WHAT YOU HAVE TO DO:
Please give every record below again exactly, and keep the pictures out.
++++ DATA FOR REVIEW ++++
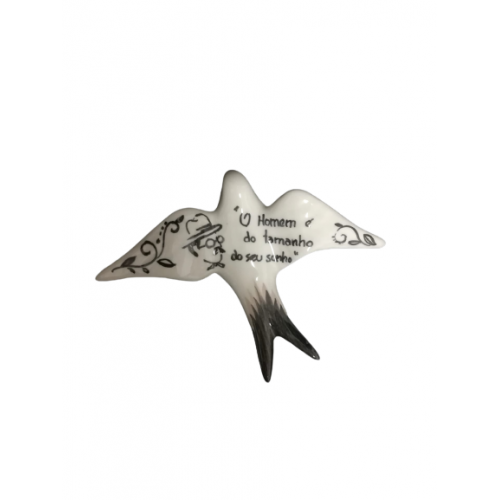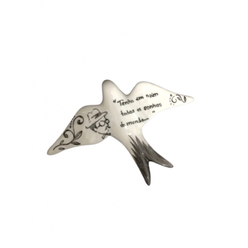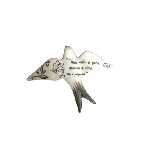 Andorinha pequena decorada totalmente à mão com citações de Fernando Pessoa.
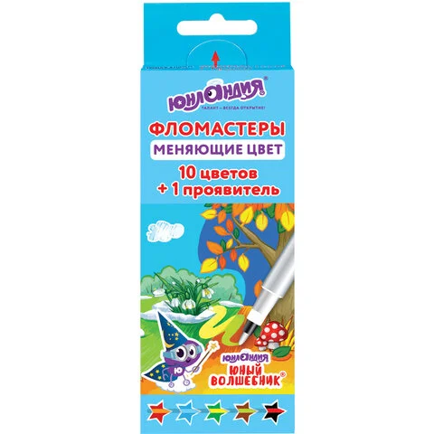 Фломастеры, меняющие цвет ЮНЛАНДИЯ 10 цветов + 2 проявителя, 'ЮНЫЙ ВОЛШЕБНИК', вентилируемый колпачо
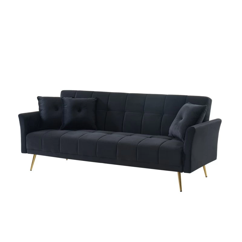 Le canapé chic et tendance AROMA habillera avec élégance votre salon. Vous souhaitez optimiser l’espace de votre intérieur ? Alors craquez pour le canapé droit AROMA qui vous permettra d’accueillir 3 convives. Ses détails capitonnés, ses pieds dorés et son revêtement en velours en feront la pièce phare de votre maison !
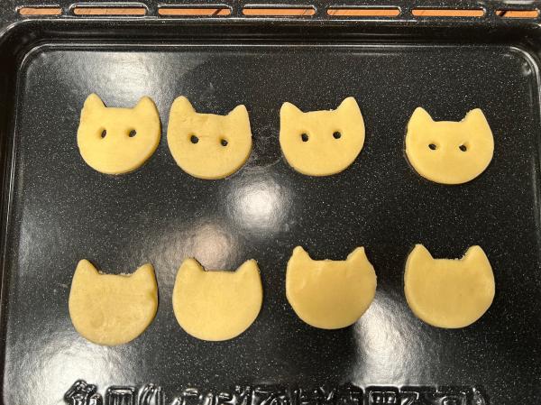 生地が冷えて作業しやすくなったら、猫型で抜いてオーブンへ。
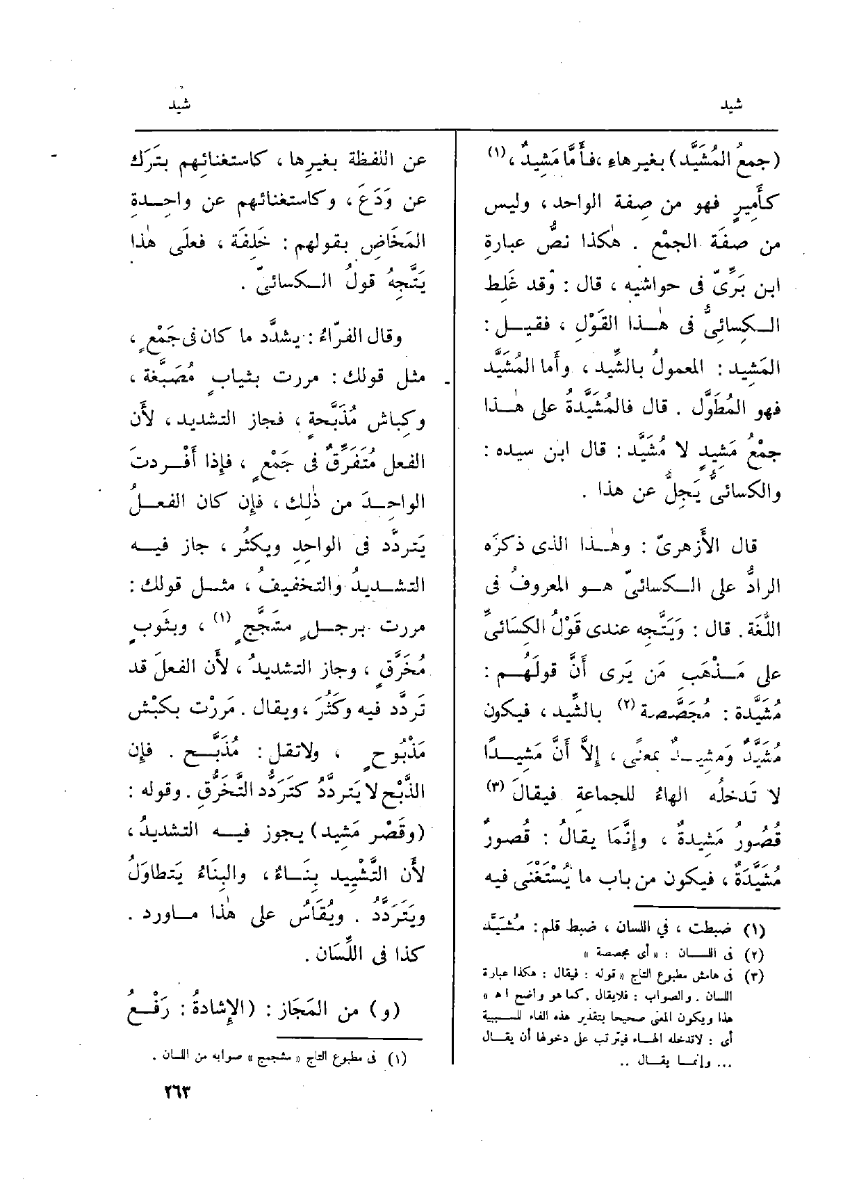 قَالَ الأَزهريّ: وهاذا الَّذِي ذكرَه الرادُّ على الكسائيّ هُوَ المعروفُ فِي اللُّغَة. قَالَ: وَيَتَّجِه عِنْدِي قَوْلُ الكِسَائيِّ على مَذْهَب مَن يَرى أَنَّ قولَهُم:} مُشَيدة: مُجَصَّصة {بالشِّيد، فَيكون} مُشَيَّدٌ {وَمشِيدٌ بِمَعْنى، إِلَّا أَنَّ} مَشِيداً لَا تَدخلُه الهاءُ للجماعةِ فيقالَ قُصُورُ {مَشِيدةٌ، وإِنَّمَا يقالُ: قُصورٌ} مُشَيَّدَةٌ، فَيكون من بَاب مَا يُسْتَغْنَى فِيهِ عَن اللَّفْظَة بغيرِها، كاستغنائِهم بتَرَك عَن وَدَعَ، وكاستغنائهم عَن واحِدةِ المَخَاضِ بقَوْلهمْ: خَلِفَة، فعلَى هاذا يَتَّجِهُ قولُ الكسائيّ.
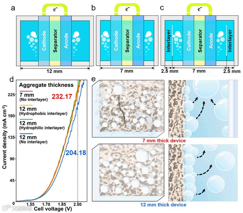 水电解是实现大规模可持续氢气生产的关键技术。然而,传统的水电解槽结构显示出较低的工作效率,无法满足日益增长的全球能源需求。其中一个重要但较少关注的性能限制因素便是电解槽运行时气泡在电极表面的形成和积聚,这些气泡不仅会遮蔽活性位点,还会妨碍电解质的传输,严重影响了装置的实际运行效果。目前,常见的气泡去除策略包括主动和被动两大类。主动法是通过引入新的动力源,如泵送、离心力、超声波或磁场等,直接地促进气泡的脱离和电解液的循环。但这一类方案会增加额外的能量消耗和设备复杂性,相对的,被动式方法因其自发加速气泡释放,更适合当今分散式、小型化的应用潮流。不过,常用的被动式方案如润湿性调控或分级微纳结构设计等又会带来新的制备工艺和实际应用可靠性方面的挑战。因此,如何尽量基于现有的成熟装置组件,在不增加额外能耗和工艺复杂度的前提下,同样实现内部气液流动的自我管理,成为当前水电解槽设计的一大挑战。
++++
YOUR SOLUTION:
 Andorinha pequena decorada totalmente à mão com citações de Fernando Pessoa.
 Фломастеры, меняющие цвет ЮНЛАНДИЯ 10 цветов + 2 проявителя, 'ЮНЫЙ ВОЛШЕБНИК', вентилируемый колпачо
 Le canapé chic et tendance AROMA habillera avec élégance votre salon. Vous souhaitez optimiser l’espace de votre intérieur ? Alors craquez pour le canapé droit AROMA qui vous permettra d’accueillir 3 convives. Ses détails capitonnés, ses pieds dorés et son revêtement en velours en feront la pièce phare de votre maison !
 生地が冷えて作業しやすくなったら、猫型で抜いてオーブンへ。
 قَالَ الأَزهريّ: وهاذا الَّذِي ذكرَه الرادُّ على الكسائيّ هُوَ المعروفُ فِي اللُّغَة. قَالَ: وَيَتَّجِه عِنْدِي قَوْلُ الكِسَائيِّ على مَذْهَب مَن يَرى أَنَّ قولَهُم:} مُشَيدة: مُجَصَّصة {بالشِّيد، فَيكون} مُشَيَّدٌ {وَمشِيدٌ بِمَعْنى، إِلَّا أَنَّ} مَشِيداً لَا تَدخلُه الهاءُ للجماعةِ فيقالَ قُصُورُ {مَشِيدةٌ، وإِنَّمَا يقالُ: قُصورٌ} مُشَيَّدَةٌ، فَيكون من بَاب مَا يُسْتَغْنَى فِيهِ عَن اللَّفْظَة بغيرِها، كاستغنائِهم بتَرَك عَن وَدَعَ، وكاستغنائهم عَن واحِدةِ المَخَاضِ بقَوْلهمْ: خَلِفَة، فعلَى هاذا يَتَّجِهُ قولُ الكسائيّ.
 水电解是实现大规模可持续氢气生产的关键技术。然而,传统的水电解槽结构显示出较低的工作效率,无法满足日益增长的全球能源需求。其中一个重要但较少关注的性能限制因素便是电解槽运行时气泡在电极表面的形成和积聚,这些气泡不仅会遮蔽活性位点,还会妨碍电解质的传输,严重影响了装置的实际运行效果。目前,常见的气泡去除策略包括主动和被动两大类。主动法是通过引入新的动力源,如泵送、离心力、超声波或磁场等,直接地促进气泡的脱离和电解液的循环。但这一类方案会增加额外的能量消耗和设备复杂性,相对的,被动式方法因其自发加速气泡释放,更适合当今分散式、小型化的应用潮流。不过,常用的被动式方案如润湿性调控或分级微纳结构设计等又会带来新的制备工艺和实际应用可靠性方面的挑战。因此,如何尽量基于现有的成熟装置组件,在不增加额外能耗和工艺复杂度的前提下,同样实现内部气液流动的自我管理,成为当前水电解槽设计的一大挑战。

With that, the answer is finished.